İnsan saf bilinç haline geldiğinde o soruyu cevaplayacağını sanır; ama bir kez daha görülür ki, o halde bile cevap kolay değildir. Tevrat’ın ünlü retoriği içinde, dudaklarınızdan: “Her şey boş” (Vaiz babı) kelimeleri döküldü dökülecek olur...

Eğer herşey biteviye ve durmadan tekrarlanıyorsa, her şeyin boş olduğuna inanmamak için sebep kalmaz. Ama hiçbir şey biteviye değildir ve hiçbir şey aynen tekrarlanmamaktadır. Tekrarlandığı sanılan şeyler bile değişerek tekrarlanmaktadır.

Allah Resulü’nün (sav) miraçtan sonra melekler hakkında bildirdiğine göre, bazı melekler sürekli kıyam halinde, bazıları sürekli rükû halinde, bazıları da sürekli secde halinde bulunuyormuş. Bu hallerin herhangi birinde insanın sürekli kalması onun fıtratına uygun düşmez. İnsan biraz kıyam halinde, biraz rükû halinde, biraz secde halinde kalır.
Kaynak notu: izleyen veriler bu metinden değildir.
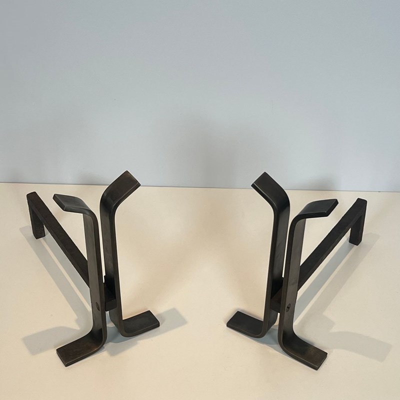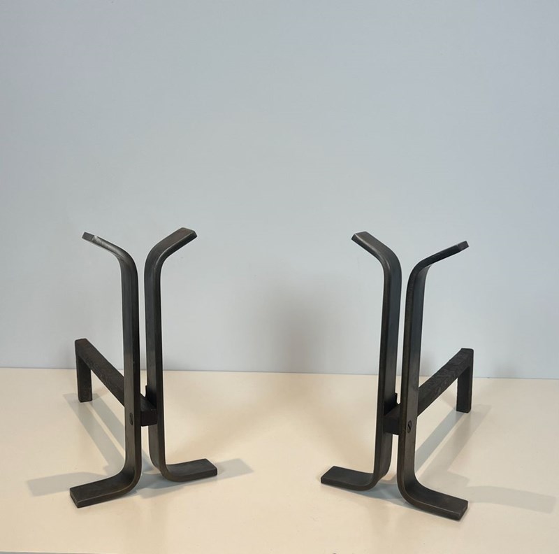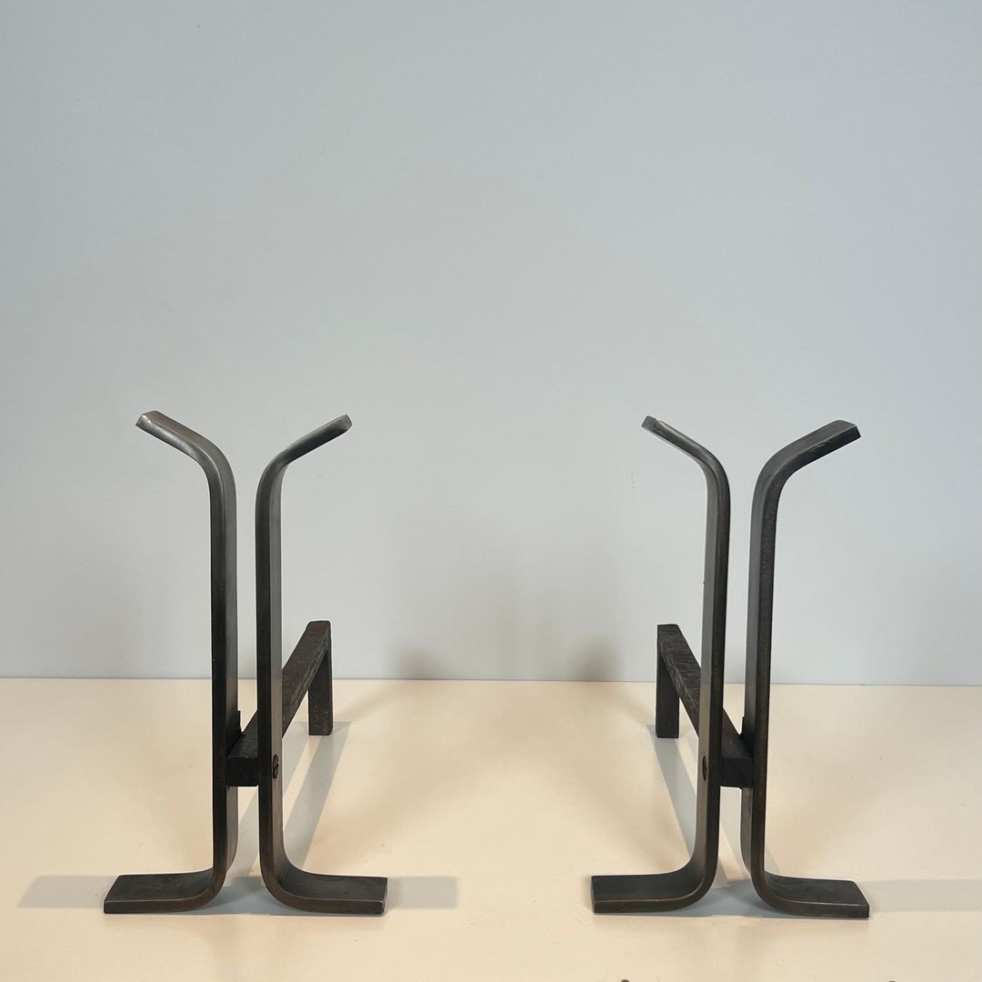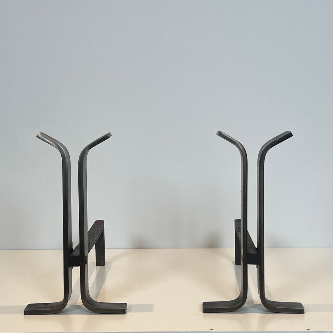 Pair of modernist steel and wrought iron andirons. French work. Circa 1970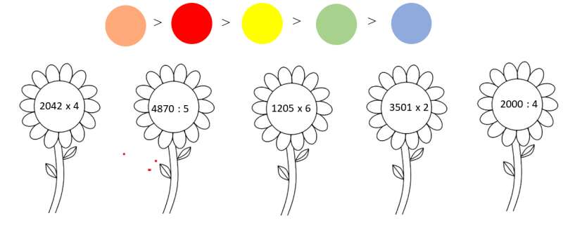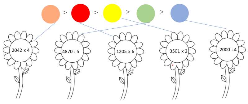 Bài 1. Hãy tô những bông hoa có chứa kết quả tương ứng với các màu dưới đây.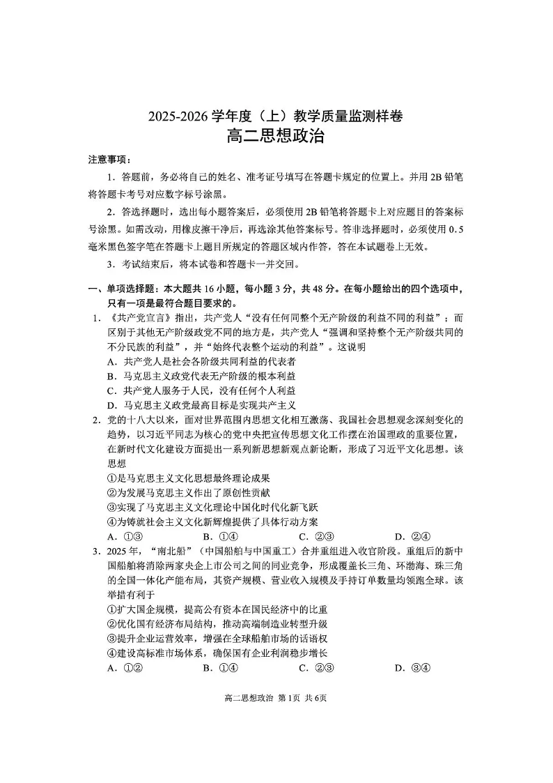 攀枝花市2025-2026学年度高二(上)教学质量监测样卷 政治.pdf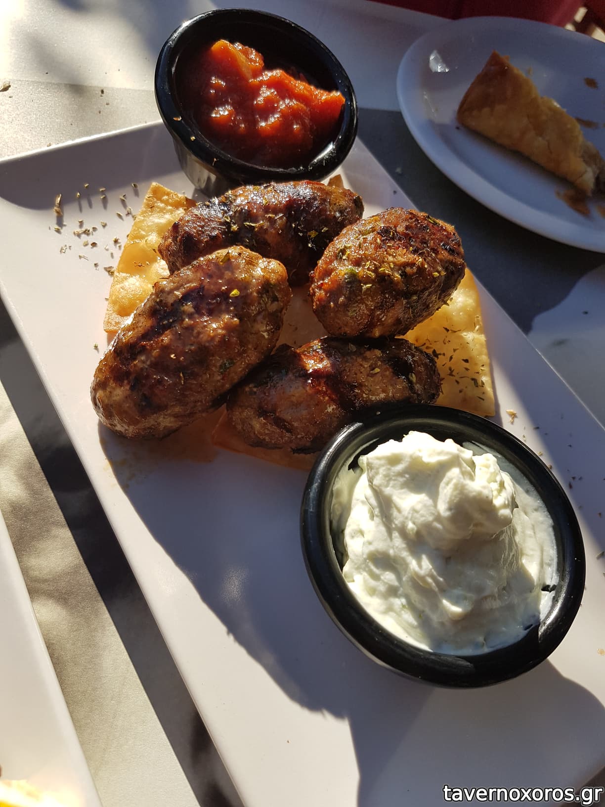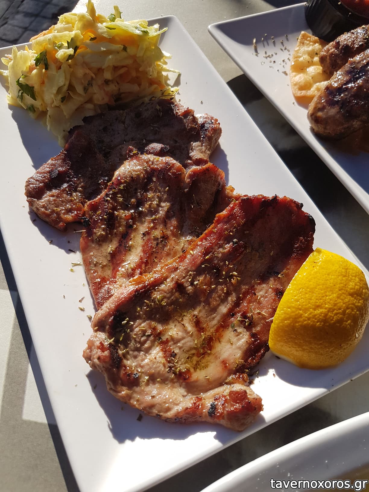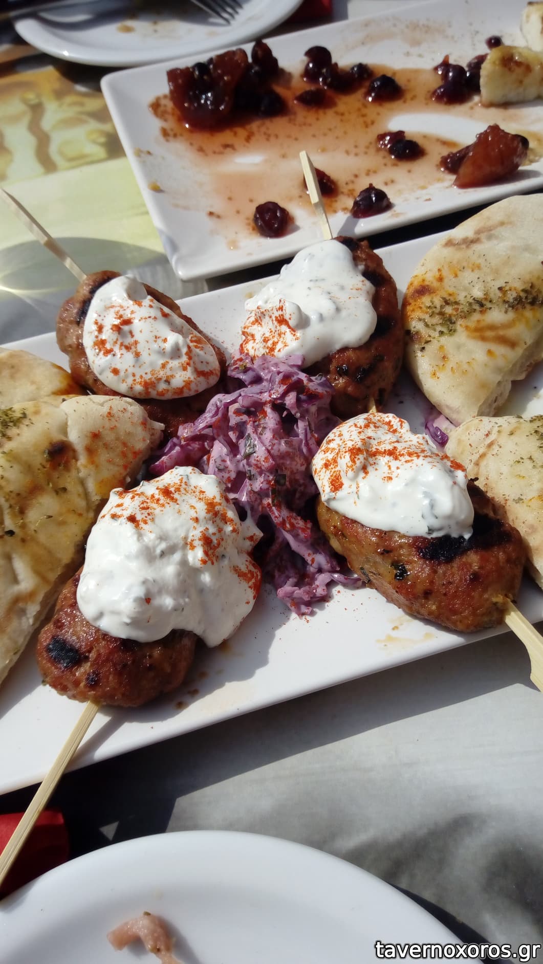 Κάτσαμε έξω και προς τιμήν τους μας άλλαξαν 2 φορές τραπέζι αγόγγυστα, ώσπου να βρούμε σκιά. Το φαγητό τώρα, το βρήκαμε καλούτσικο, σε περιποιημένο στυλ. Τα αρνίσια σουτζουκάκια και ιδίως τα κοτομπριζολάκια ήταν τα καλύτερα. Κάποιος από μας παρήγγειλε έναν μπακαλιάρο για τη μέρα, αλλά ήταν εντελώς άκυρος.. Ποτά μπύρα και λευκό κρασί εμφιαλωμένο, καλό.

Hiçbirinde sürekli kalamaz. Onun fıtratı bir halden başka bir hale değişmek, dönüşmek istidadındadır. Böylece her şeyin boşluğunu ileri süren önermenin burada yeri olmadığı anlaşılır hale gelir.

O zaman insan, İmam Gazali’nin öğüdünü tutmakta da zorlanacağını hissetmeye başlar. O, şöyle söylüyordu: Farz et ki, ömrün dolmuş, fakat sen Allah’a yalvarmış yakarmış ondan bir gün daha vermesini istemişsin ve o gün sana verilmiş; işte şu anda, sen, sana verilmiş olan o cabadan son bir günün içinde bulunuyorsun; o gün ne yapacak isen, her gün onu yap ve öyle yaşa! Bunun kolay iş olmadığı besbelli. Ancak şurası da belli: her yaşadığın gün, eğer o son gün olsa bile, bu tekrarlanabilir bir şey değildir; bu, döngüsel bir olay değildir.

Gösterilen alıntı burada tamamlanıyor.